The sound of my alarm slices through the room like a blade—sharp, merciless, unapologetic.

It doesn't just wake me.
It cuts through whatever fragile peace I managed to hold onto while sleeping.

The shrill beeping rattles through my chest, bouncing off the walls of my small bedroom until it becomes all I can hear. My hand shoots out from under the blanket, fingers trembling slightly as they fumble across the nightstand. They graze the edge of a book, knock over a pen, finally land on the snooze button.
Silence follows, but it's the heavy kind — the kind that settles in your bones instead of in the air.

For a moment I don't move.

I just lie there, staring up at the ceiling that feels a little lower every day. The paint has tiny cracks running through it now — hairline fractures that probably don't matter to anyone else, but I see them. I see every flaw. Every little break. I see myself in it sometimes.

The sheets feel cold against my bare legs. The pillow still smells faintly like lavender from the spray my mom bought, hoping it would help me sleep better. It didn't. Nothing does.

But I breathe anyway — shallow, uneven — forcing air into lungs that don't seem willing to cooperate this early.

Today is a new day.

That's what people always say.
Teachers. Posters. Motivational quotes on Instagram.
As if a new calendar box has the power to erase everything sitting behind my ribs.
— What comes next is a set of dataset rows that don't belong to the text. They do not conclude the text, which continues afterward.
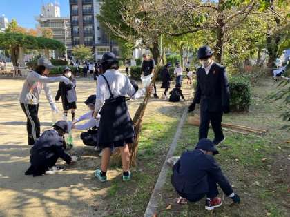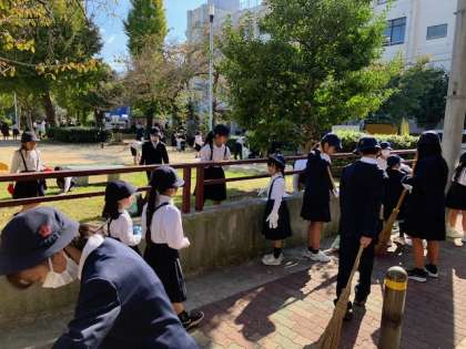 遊んでいるような子もなく、縦割り班なので、高学年の児童が低学年の子を助けながら一生懸命に草取りをしてくれています!
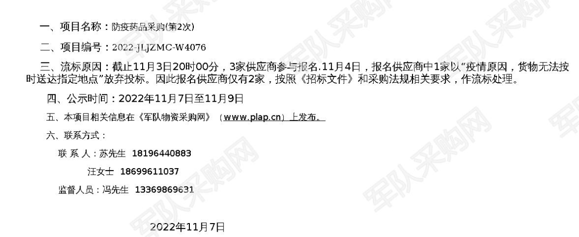 【军队采购】军队采购网防疫药品采购(第2次)流标公示(2022-JLJZMC-W4076)
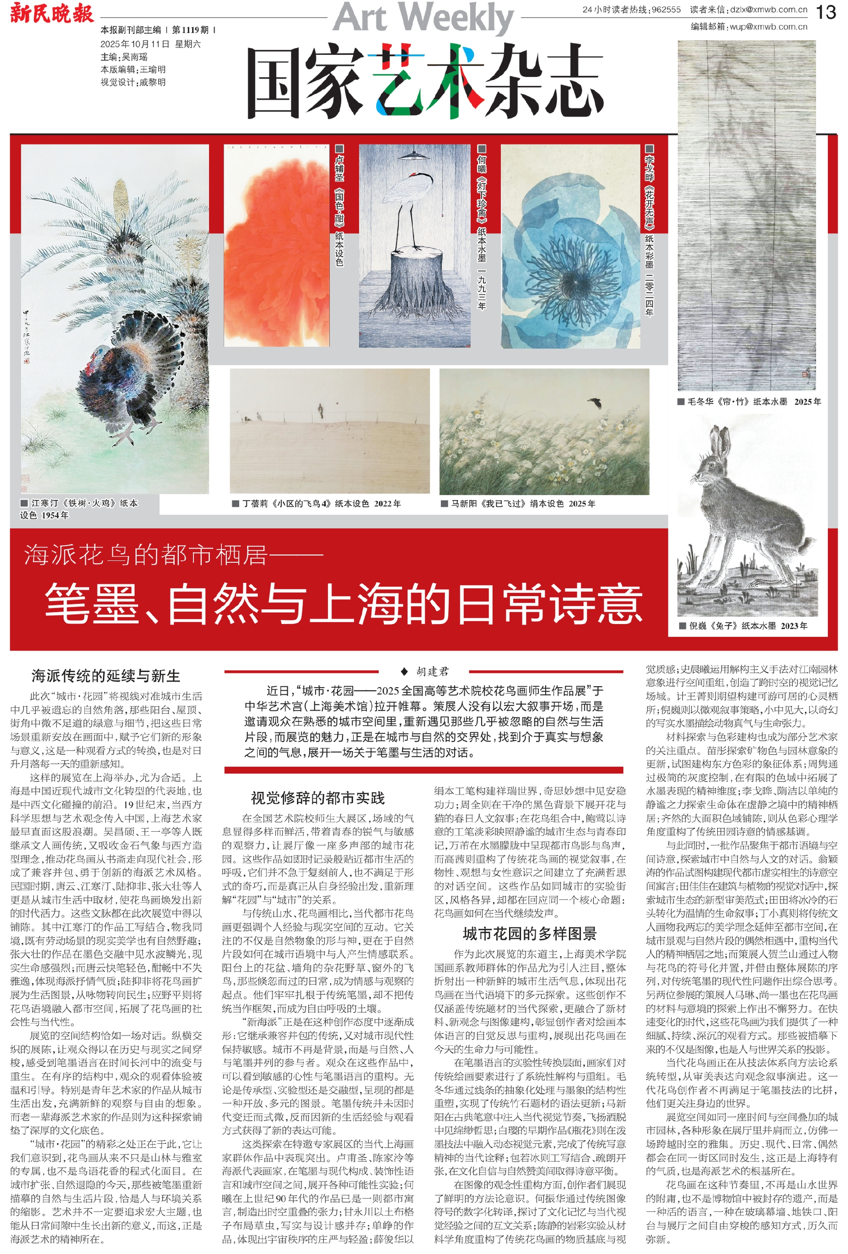 近日,“城市·花园——2025全国高等艺术院校花鸟画师生作品展”于中华艺术宫(上海美术馆)拉开帷幕。策展人没有以宏大叙事开场,而是邀请观众在熟悉的城市空间里,重新遇见那些几乎被忽略的自然与生活片段,而展览的魅力,正是在城市与自然的交界处,找到介于真实与想象之间的气息,展开一场关于笔墨与生活的对话。
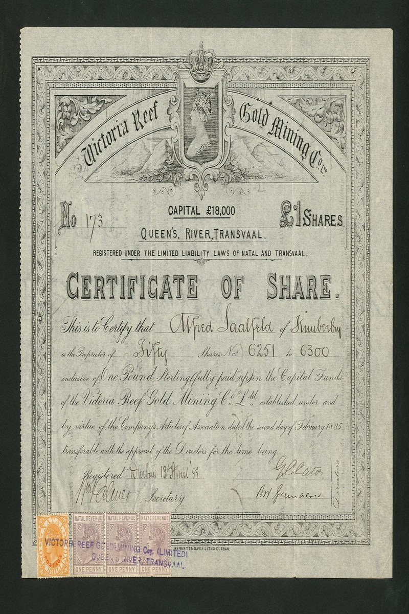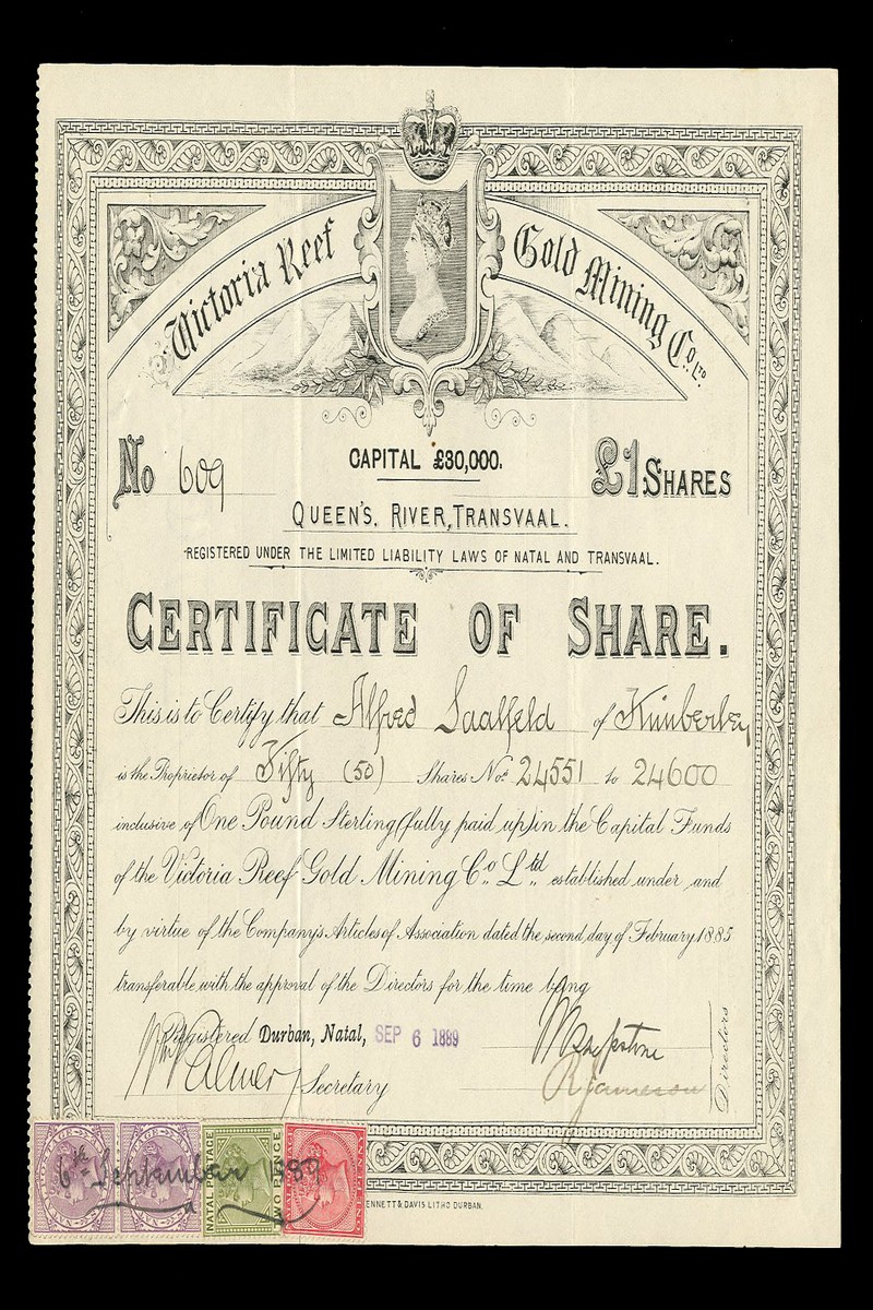 (x) Victoria Reef Gold Mining Co. Ltd., pair of £1 share certificates dated Durban 1888 (Capital £18,000) and 1889 (Capital £30,000), black with vignettes of Queen Victoria and affixed revenue stamps, very fine or better (2)

As if pain takes weekends off.
As if trauma resets overnight.
As if the past knows how to stay in the past.

I push myself upright, slowly, like my body needs convincing. My muscles ache from tossing and turning. My neck feels tight. My head heavy.
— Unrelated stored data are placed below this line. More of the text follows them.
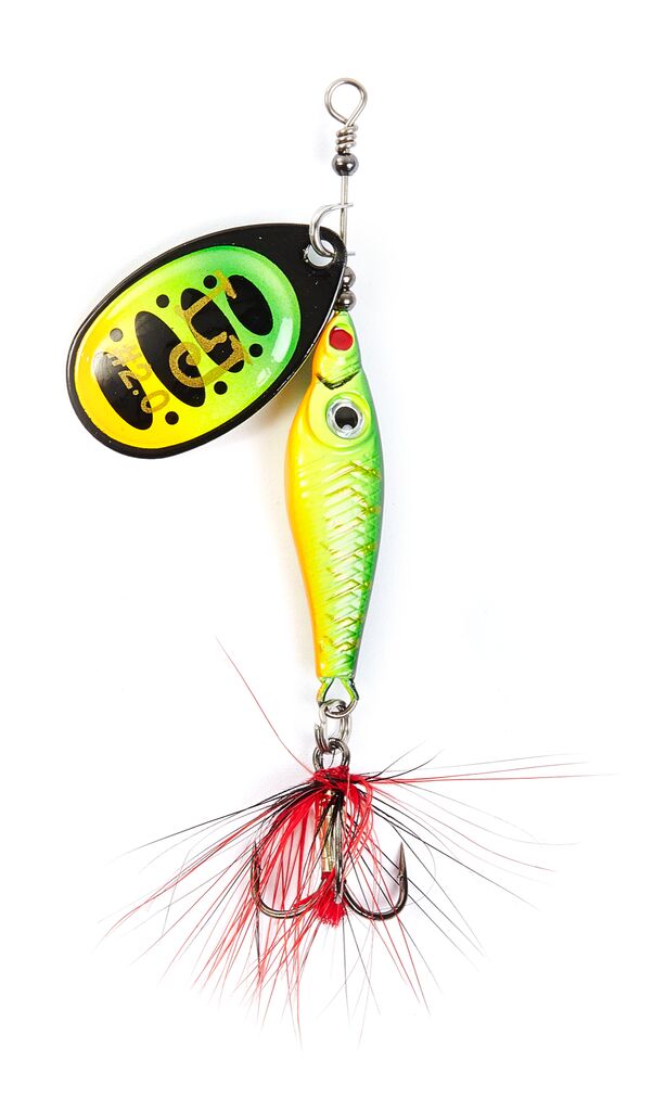 Trian Blade Round-оригинальная серия вращающихся блесен Lucky John с классической овальной формой лепестка.В этих приманках используются современные конструктивные решения, которые обеспечивают надежную и стабильную игру блесен, и делают их очень привлекательными для любой хищной рыбы. Вращающийся лепесток сделан из латуни и обладает устойчиво-ровным движением при различных способах и скоростях проводки. При вращении угол отклонения лепестка составляет 60 градусов. Лепестки окрашены с двух сторон, что вызывает повышенный интерес рыбы. Сердечник приманок сделан из тяжелого сплава, обеспечивая дополнительную дальность при забросе блесны, и имеет выверенную геометрическую форму сердечника, позволяющую до минимума сократить перекручивания шнура во время работы приманки. На всех тройниках связана яркая мушка, которая служит дополнительным раздражителем для рыбы и обеспечивает ровное вращение лепестка при самой медленной проводке.
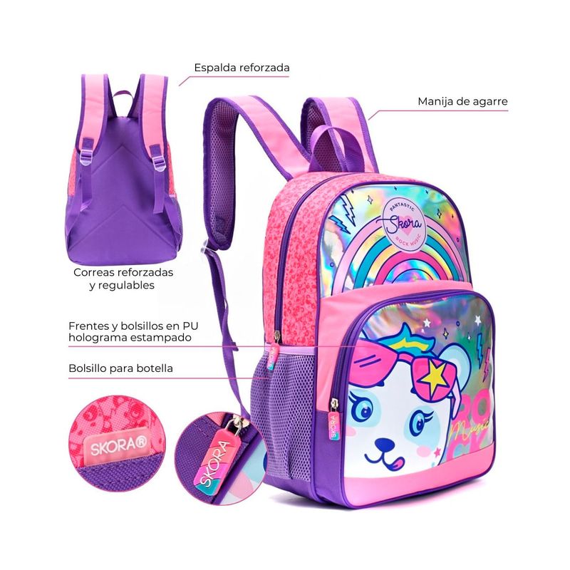 La Mochila Skora "Pets Pantastic" de 16 pulgadas es la compañera ideal para quienes buscan un accesorio práctico, funcional y lleno de estilo. Con un diseño encantador y una capacidad de 14,4 litros, es perfecta para acompañar el día a día escolar o actividades recreativas. Además, incluye un adorable llavero que le añade un toque especial.
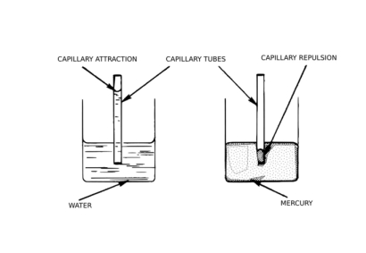 Cohesion – the attractive forces between similar molecules or atoms, in our case the molecules or atoms of the liquid. Water, for example, is characterized by high cohesion since each water molecule can form four hydrogen bonds with neighboring molecules.
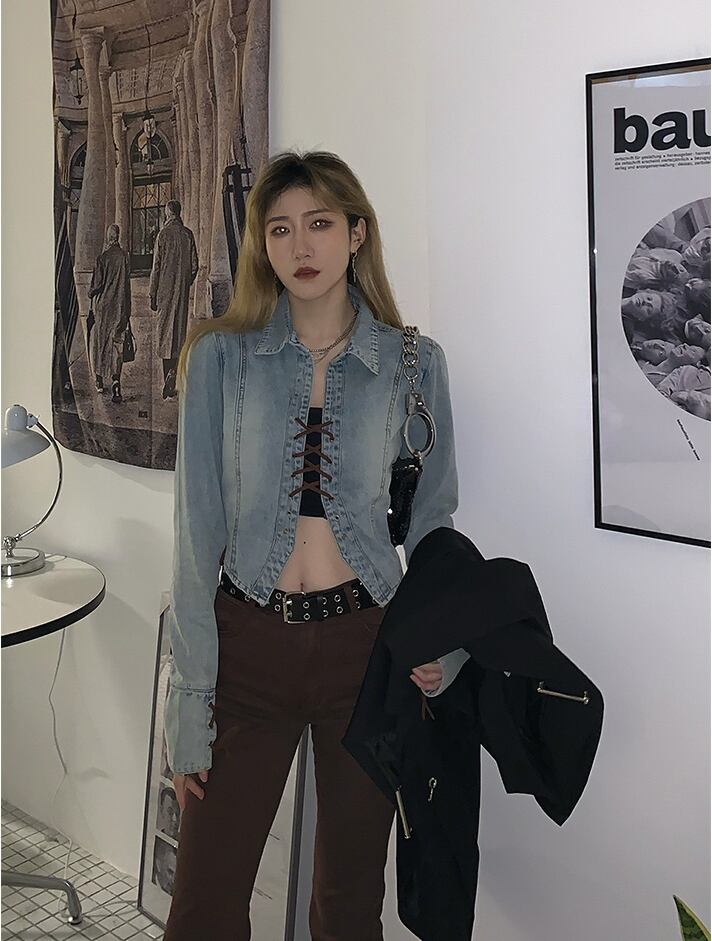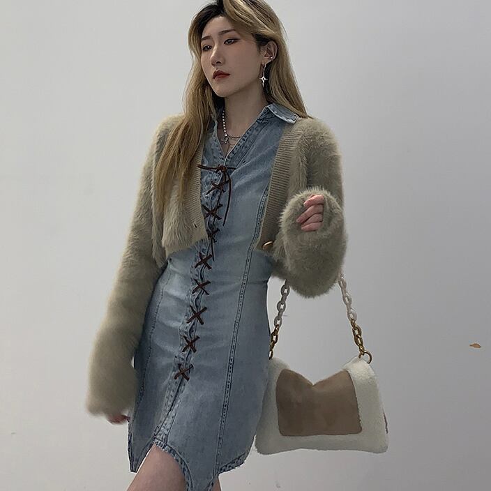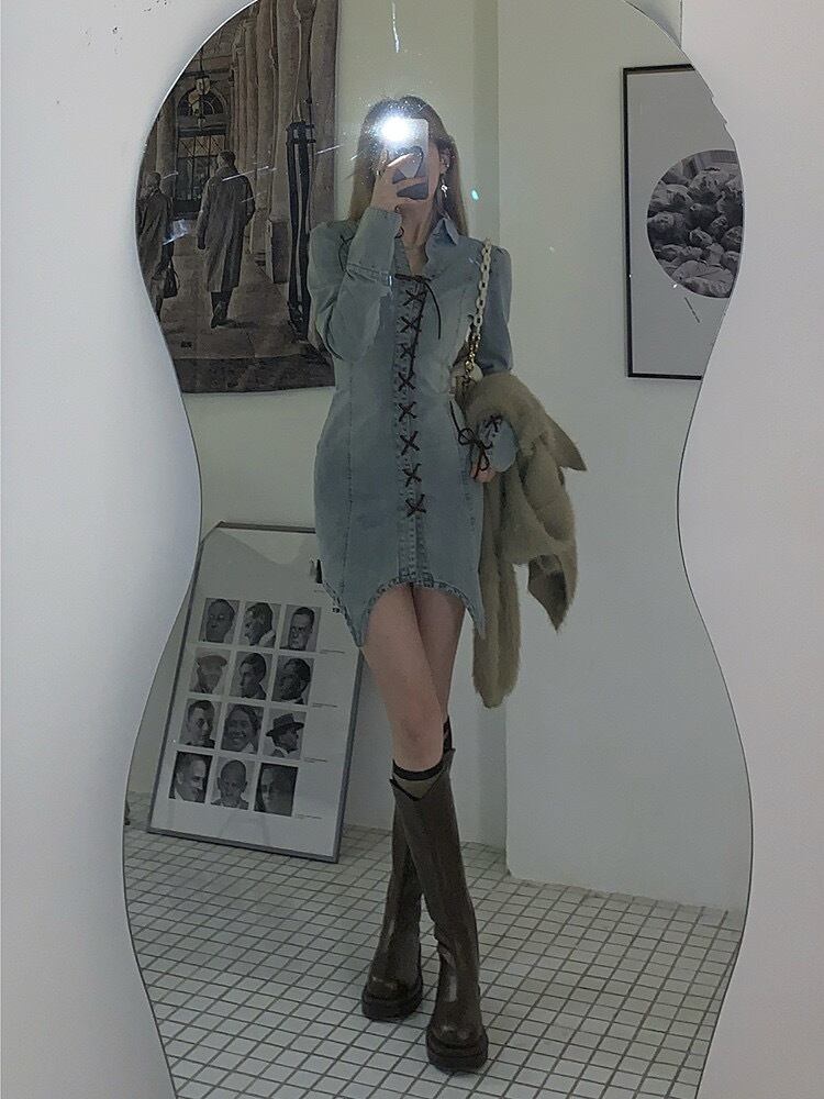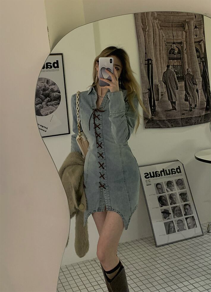 ワンピース レディース ショート丈 デニムスカート デニム 長袖 袖あり レースアップ ハイウエスト リボン 襟付き 前開き ストリート カジュアル 2way 冬 レトロ お洒落 おしゃれ 可愛い かわいい フェミニン クール 大人 普段使い 大人可愛い 大人女子 おしゃれ セクシー キュート ラブリー スリム 細身 抜け感 とろみ感 海外 インポート デニムブルー 青 10代 20代 S M L イベント お出かけ 旅行 休日 女子会 韓国ファッション オルチャン 人気 トレンド 脚長 美脚 簡単コーデ

The curtains are still drawn, darkening the room except for thin slits of sunlight that seep through like they're searching for me. Dust floats in the beams, weightless and unbothered, drifting wherever the light directs them.

I envy that.

My gaze moves to my desk.

To the thing I spend every morning avoiding.

The picture frame.

Even from across the room, I can see the faint outline of us through the glass. It shouldn't hurt to look at a memory, but it does. Memories have claws — especially the ones you didn't ask to lose.

I stand up slowly, each step across the cold wooden floor sounding too loud in the quiet room. My fingers hover over the picture for a second before I finally pick it up.

There we are.

Me, with my hair in messy braids, freckles unbothered across my nose, smiling so wide it almost looks painful.
Hardin, slightly taller even back then, his arm wrapped around me, pulling me close like he always used to. His smile was different in those days — genuine, unguarded, warm in a way that felt safe.

Like he belonged next to me.

Like he wanted to.

His eyes in the picture are the part that hurt the most to look at. Because the boy in that photo didn't hate anyone. He didn't push people away. He didn't drown himself in alcohol or light cigarettes like they were oxygen.

He certainly didn't hurt me.

Back then... he couldn't even stand the smell of smoke.
He'd wrinkle his nose, wave his hands dramatically, tell me he'd never understand how anyone put that stuff in their lungs — "especially after what it did to my mom," he said once, voice small and cracking in a way only kids can sound.

That boy is gone.

Replaced by someone harder. Someone sharp. Someone who uses cruelty as armor.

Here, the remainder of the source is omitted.